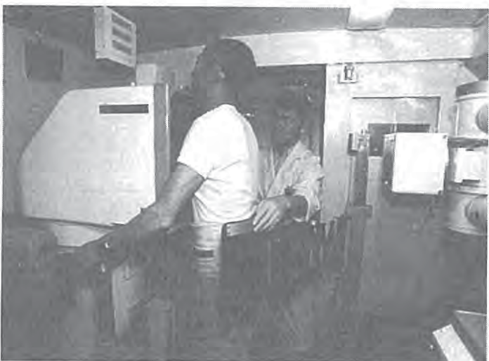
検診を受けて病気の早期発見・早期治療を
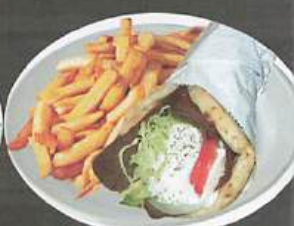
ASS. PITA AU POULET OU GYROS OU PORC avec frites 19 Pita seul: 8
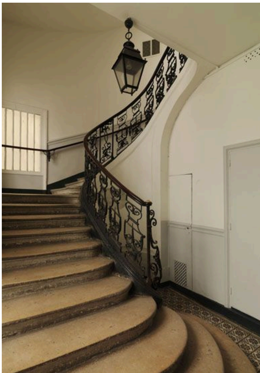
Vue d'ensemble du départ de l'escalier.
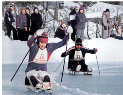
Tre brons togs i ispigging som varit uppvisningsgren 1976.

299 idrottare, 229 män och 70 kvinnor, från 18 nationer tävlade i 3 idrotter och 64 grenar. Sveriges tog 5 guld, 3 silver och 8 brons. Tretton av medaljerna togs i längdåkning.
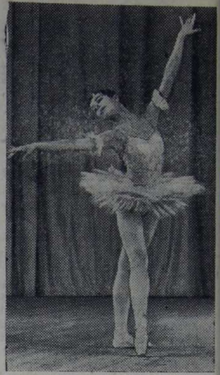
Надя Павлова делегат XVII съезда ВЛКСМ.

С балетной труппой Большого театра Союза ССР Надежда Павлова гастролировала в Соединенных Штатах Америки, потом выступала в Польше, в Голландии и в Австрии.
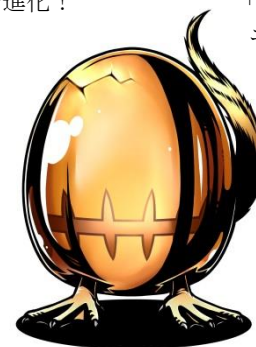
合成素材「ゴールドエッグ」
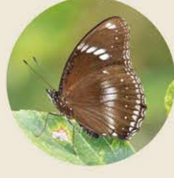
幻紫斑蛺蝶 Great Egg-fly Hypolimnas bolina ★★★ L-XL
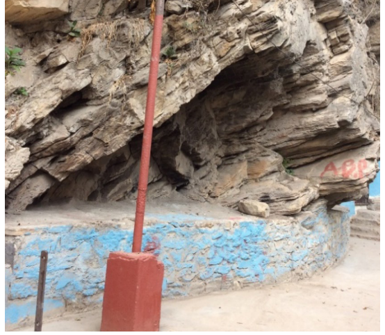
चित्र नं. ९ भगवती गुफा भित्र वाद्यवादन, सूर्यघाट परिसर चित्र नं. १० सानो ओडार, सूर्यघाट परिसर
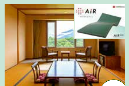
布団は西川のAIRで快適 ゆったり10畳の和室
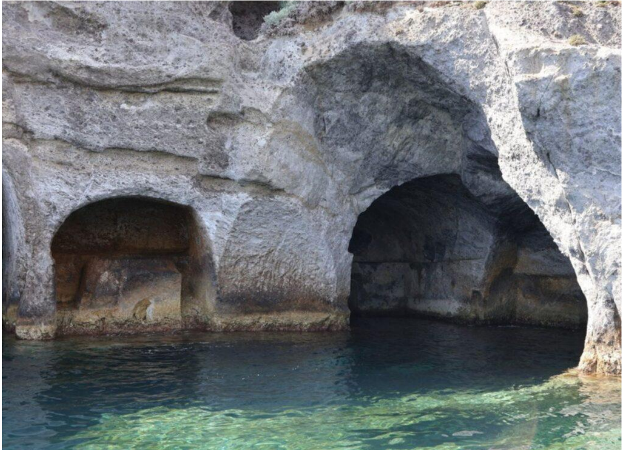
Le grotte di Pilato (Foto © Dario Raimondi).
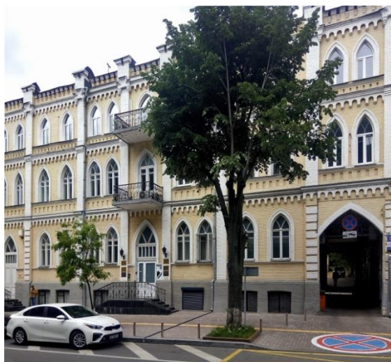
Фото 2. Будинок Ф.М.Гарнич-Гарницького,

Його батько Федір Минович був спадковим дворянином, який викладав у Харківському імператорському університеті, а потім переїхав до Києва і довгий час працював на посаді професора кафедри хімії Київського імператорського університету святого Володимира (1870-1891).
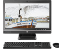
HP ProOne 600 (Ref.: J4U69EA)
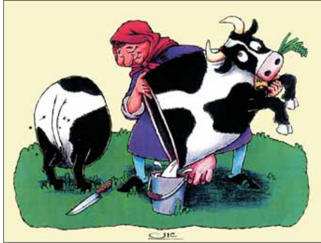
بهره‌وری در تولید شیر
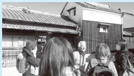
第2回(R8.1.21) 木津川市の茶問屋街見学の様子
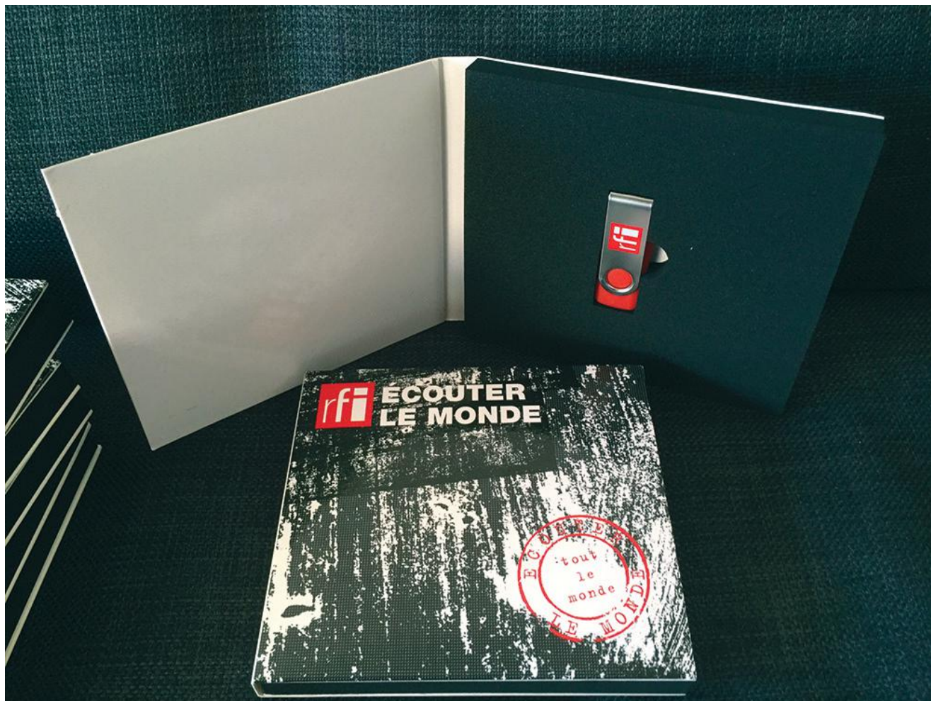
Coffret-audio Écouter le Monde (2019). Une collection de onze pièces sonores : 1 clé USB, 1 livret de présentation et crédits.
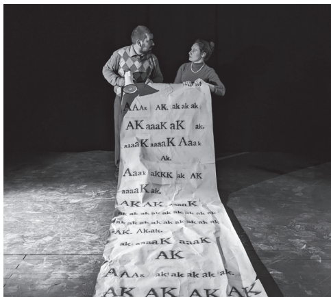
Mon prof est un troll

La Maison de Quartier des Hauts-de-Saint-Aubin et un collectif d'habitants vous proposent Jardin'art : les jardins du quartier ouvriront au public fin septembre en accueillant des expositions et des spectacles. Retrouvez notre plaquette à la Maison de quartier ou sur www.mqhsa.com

** Exercise objective **
Give the records again exactly, pictures left out.

** Result of the task **
検診を受けて病気の早期発見・早期治療を
ASS. PITA AU POULET OU GYROS OU PORC avec frites 19 Pita seul: 8
Vue d'ensemble du départ de l'escalier.
Tre brons togs i ispigging som varit uppvisningsgren 1976.

299 idrottare, 229 män och 70 kvinnor, från 18 nationer tävlade i 3 idrotter och 64 grenar. Sveriges tog 5 guld, 3 silver och 8 brons. Tretton av medaljerna togs i längdåkning.
Надя Павлова делегат XVII съезда ВЛКСМ.

С балетной труппой Большого театра Союза ССР Надежда Павлова гастролировала в Соединенных Штатах Америки, потом выступала в Польше, в Голландии и в Австрии.
合成素材「ゴールドエッグ」
幻紫斑蛺蝶 Great Egg-fly Hypolimnas bolina ★★★ L-XL
चित्र नं. ९ भगवती गुफा भित्र वाद्यवादन, सूर्यघाट परिसर चित्र नं. १० सानो ओडार, सूर्यघाट परिसर
布団は西川のAIRで快適 ゆったり10畳の和室
Le grotte di Pilato (Foto © Dario Raimondi).
Фото 2. Будинок Ф.М.Гарнич-Гарницького,

Його батько Федір Минович був спадковим дворянином, який викладав у Харківському імператорському університеті, а потім переїхав до Києва і довгий час працював на посаді професора кафедри хімії Київського імператорського університету святого Володимира (1870-1891).
HP ProOne 600 (Ref.: J4U69EA)
بهره‌وری در تولید شیر
第2回(R8.1.21) 木津川市の茶問屋街見学の様子
Coffret-audio Écouter le Monde (2019). Une collection de onze pièces sonores : 1 clé USB, 1 livret de présentation et crédits.
Mon prof est un troll

La Maison de Quartier des Hauts-de-Saint-Aubin et un collectif d'habitants vous proposent Jardin'art : les jardins du quartier ouvriront au public fin septembre en accueillant des expositions et des spectacles. Retrouvez notre plaquette à la Maison de quartier ou sur www.mqhsa.com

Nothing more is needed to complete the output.